This is owed to William Lisowski.

Code:

ssc install egenmore
egen Nactor = nvals(actor_id), by(gid year)
egen Nactor2 = nvals(actor_id2), by(gid year)
g Nall = Nactor+Nactor2

Comment

Diego Malo

Join Date: Jun 2019

Posts: 140
#20

08 Nov 2021, 08:06

Thank all of you for your comments and time.

However, I still find some problems in the codes you are providing. I am sorry but I do not really how to solve the problem.

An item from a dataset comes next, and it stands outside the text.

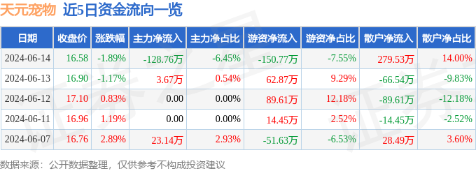天元宠物(301335)6月14日主力资金净卖出128.76万元

Nick Cox Thank you for your code Nick. I have checked and I think your code is not counting well.For example, if actor X is in actor_id and actor_id2 in year 2008 and gid 3, it is counting two times but I want that this is counting just one. The distinct number of actors between actor_id and actor_id2 by gid and year. If one actor is in both in the same grid and year, I just want to count it once. Please, let me know if you do not see my point.

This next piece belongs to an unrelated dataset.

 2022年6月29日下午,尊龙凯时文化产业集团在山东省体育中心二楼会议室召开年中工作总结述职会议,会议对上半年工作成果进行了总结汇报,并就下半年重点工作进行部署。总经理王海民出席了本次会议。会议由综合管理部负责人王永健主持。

Clyde Schechter Thank you for your code Clyde. However, I see in your code the same problem than the one in Nick: "if actor X is in actor_id and actor_id2 in year 2008 and gid 3, it is counting two times but I want that this is counting just one. The distinct number of actors between actor_id and actor_id2 by gid and year. If one actor is in both in the same grid and year, I just want to count it once. ". Please let me know if you do not see my point.

Fei Wang Fei, I have found an error in your code. It is counting very well the number of actors as I want but the number of actors is different. For example, the number of actors before doing your code for gid 80318 and year 2021 is different than the one after run your code. Your code is changing the number of actors by grid and year. I do not know if I explain well myself. Please let me know if you do not see my point.

George Ford Thank you George for your code. When I run it, it gives me the following error: "command unique is unrecognized"

Sorry but I am a bit desesperate with that problem.

Diego.

Last edited by Diego Malo; 08 Nov 2021, 08:09.
Comment
Fei Wang

Join Date: Oct 2021

Posts: 726
#21

08 Nov 2021, 08:38

Diego Malo , in your original example data, the number of different actors for gid 80318 and year 2012 is 6. After running the code, the counting result is also 6. So I didn't get your point that they are different.
1 like
Comment
Diego Malo

Join Date: Jun 2019

Posts: 140
#22

08 Nov 2021, 08:45

Thank you Fei Wang for your comment. It is true that the number of distinct actors is the same in both, but I think it is a bit by change.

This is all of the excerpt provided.